Throwback FYF Blog (5/26/2016) - Consider Posting Longer Videos... Here's Why.

Question: What are we doing to our journey, to ourselves, and each other, if we only encourage and actively engage videos for 15 seconds or less, on a daily basis?

Background Context: This was written when Instagram had only allowed something like 15 seconds of video to be posted. Before that, there was no video on Instagram, and at that time, pole dancers were mostly posting to YouTube (and then, FB).

By now most of you are probably aware that Instagram has increased it’s video length maximum to one minute! And yes, this change may be motivated by algorithms, celebrities, and sponsors, but I am so excited and grateful for what it may encourage long-term in our own movement and pole community. I have been meaning to write this for awhile now, so I’m glad to finally sit down with some coffee and tap these keys out. Please know this rumination may go on a few tangents along the way. (Insert joke about time limits and shortened attention spans.)

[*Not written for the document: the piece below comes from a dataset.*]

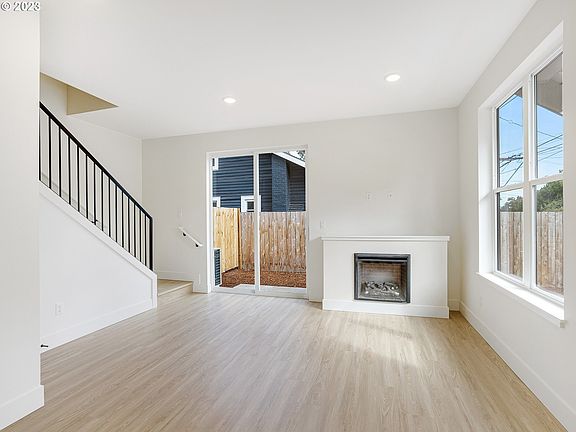 Modern architecture+elevated designs are showcased in the impeccable open concept 2 bed / 2.1 bath units in the vibrant St. Johns, steps to trendy restaurants + shops! Thoughtfully designed, enjoy high-end features, lofty ceilings + neutral, warm designer tones! Quality can be seen with the custom kitchen boasting gorgeous tile work, slab quartz counters + expansive windows! Upgrades grace each room with custom built-ins, tray ceilings, LVP flooring throughout, electric fireplace with gorgeous surround, AC ducted to each room, tile showers + glass door out to fenced patio! Enjoy low HOA dues plus 1-year builder warranty from local boutique builder! 95BikeScore+76WalkScore just 0.09 mi to Fred Meyer, 0.2 mi to New Seasons + Starbucks + just 1 mile to UofP! FHA FINANCING AVAILABLE!(List price is subject to the buyer qualifying for the Portland Housing Bureau - System Development Charge exemption program to promote affordable housing in Portland, call for more info.)

I began sharing and consuming pole videos online in 2009 (I had been poling for about a year by that time, but didn’t have the studio space to record anything). The sharing and watching of pole videos, let’s face it, is the bread and butter of our modality and community expansion. But the whole landscape was entirely different then. There were less pole tricks, less complex combinations, less pole vocabulary (and a lot more repetition), less pole dancers, less ‘ebrities, less videos, a lot less quality instruction. Many people were figuring it out as they went along, and it was an exciting time of magic and intimacy and novelty. We would watch and re-watch videos for inspiration (almost to an unhealthy obsession), and sharing was a huge part of the growth of everyone (which is still true today).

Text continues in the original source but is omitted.